Scientists speed up clock that controls development of body segments in embryos

Scientists at the Francis Crick Institute and the Max Planck Institutes in Dresden, Germany have, for the first time, sped up a clock that controls development in zebrafish embryos - causing the embryos to develop more, smaller body segments than usual and to make these faster.

As well as providing important insights into embryonic development, this groundbreaking work has implications for understanding congenital scoliosis in humans. This is a condition that occurs during development in which the back bones are malformed and the spinal column is twisted. It can be painful and debilitating and severe cases can even lead to problems such increased pressure on the heart or lungs.

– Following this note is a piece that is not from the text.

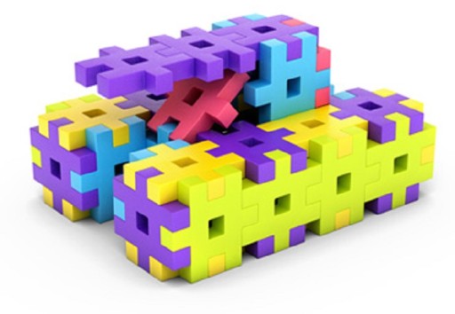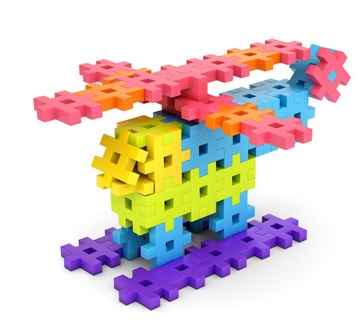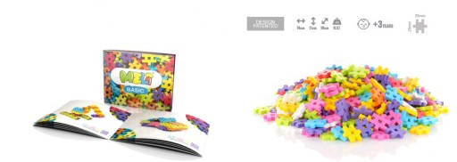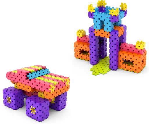 Elastyczne i przyjemne w dotyku klocki o wymiarach elementów 2,5x2,5 cm, przypominające puzzle, przeniosą malucha w świat wyobraźni. Płaskie, jednolite elementy w przyjemnych kolorach z łatwością można ze sobą łączyć za pomocą specjalnych ząbków umożliwiających budowanie płaskich oraz przestrzennych form. Konstrukcję łatwo zdemontować i uprzątnąć, gdyż klocki nie posiadają zatrzasków, zaczepów ani innych trudnych do rozmontowania części. Zatem obie czynności - łączenie jak i demontowanie, stanowią przyjazne wyzwanie dla zwinnych, małych paluszków!

Andrew Oates of the Crick explained: "The body segments of all vertebrates (all animals with backbones, including humans) are generated during embryonic development. These segments are evident in humans as our segmented backbone. The segments are added one by one in a head-to-tail order during development, and this rhythmic and sequential addition is controlled by a biological clock that ticks in the tail end of the embryo."

Previous researchers have been able to break this clock, producing defective segments, and to slow it, producing longer and fewer segments. But this is the first time anyone has been able to speed it up and keep it ticking.  

Dr Oates' team achieved this by genetically engineering the cells in the zebrafish segmentation clock to exchange synchronising signals at higher levels. Mutant zebrafish embryos that lack a signalling gene called DeltaD cannot synchronise their segmentation clock cells and develop scoliosis. The researchers generated transgenic zebrafish that expressed DeltaD with its normal pattern, but at much higher levels. They used time-lapse microscopy to watch the embryos and measure the speed at which new segments formed and examined the oscillating patterns of gene expression in the embryo to see how they had affected the clock.

The results revealed that the embryos expressing the most DeltaD had altered patterns of gene expression and made body segments faster. The resulting fish had more segments, which were all slightly smaller than usual.

Dr Oates said: "This shows that by tuning the speed of the clock, we can make animals with more or fewer body segments. It also shows the signals exchanged by the cells to synchronise their rhythms can also change the speed of the clock.

"This work has implications for understanding congenital scoliosis, which occurs when the cells of the segmentation clock do not oscillate in synchrony. By understanding how to control synchronisation better, we may one day be able to help the cells to talk to each other and prevent some forms of this condition."

The paper, Faster embryonic segmentation through elevated Delta-Notch signalling, is published in Nature Communications.